Exposed: The US-Saudi Libya deal

By Pepe Escobar
SolidarityEconomy.net
via Asia Times Online: April 2, 2011

You invade Bahrain. We take out Muammar Gaddafi in Libya. This, in short, is the essence of a deal struck between the Barack Obama administration and the House of Saud. Two diplomatic sources at the United Nations independently confirmed that Washington, via Secretary of State Hillary Clinton, gave the go-ahead for Saudi Arabia to invade Bahrain and crush the pro-democracy movement in their neighbor in exchange for a "yes" vote by the Arab League for a no-fly zone over Libya - the main rationale that led to United Nations Security Council resolution 1973.

The revelation came from two different diplomats, a European and a member of the BRIC group, and was made separately to a US scholar and Asia Times Online. According to diplomatic protocol, their names cannot be disclosed. One of the diplomats said, "This is the reason why we could not support resolution 1973. We were arguing that Libya, Bahrain and Yemen were similar cases, and calling for a fact-finding mission. We maintain our official position that the resolution is not clear, and may be interpreted in a belligerent manner."

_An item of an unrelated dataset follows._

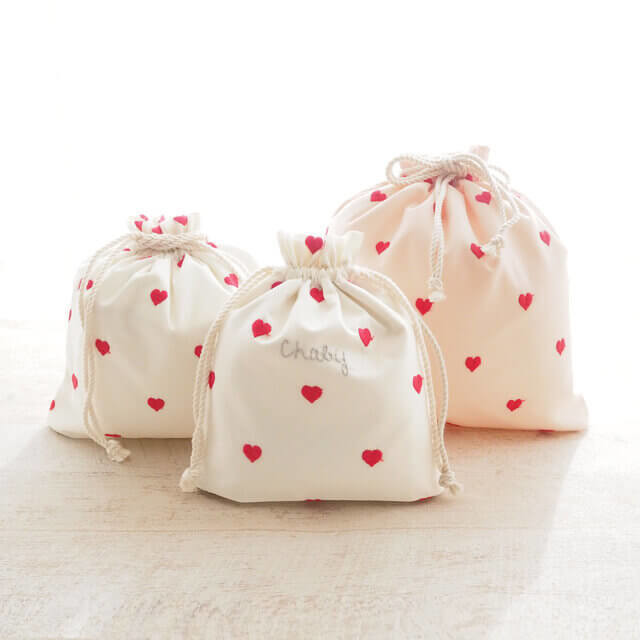 淡色の生地に、真っ赤なぷっくりハートがかわいすぎる「ハートの名入れ巾着袋」。幅広い7サイズ展開で、より女子っぽい淡いピンクカラーも選べます!単品でも、全サイズ揃えても統一感が出ておしゃれで可愛いですよ。
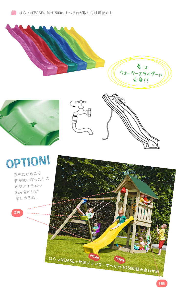 滑り台にホースをつなげればウォータースライダーにすることができるんです。これ絶対楽しいでしょ!

As Asia Times Online has reported, a full Arab League endorsement of a no-fly zone is a myth. Of the 22 full members, only 11 were present at the voting. Six of them were Gulf Cooperation Council (GCC) members, the US-supported club of Gulf kingdoms/sheikhdoms, of which Saudi Arabia is the top dog. Syria and Algeria were against it. Saudi Arabia only had to "seduce" three other members to get the vote.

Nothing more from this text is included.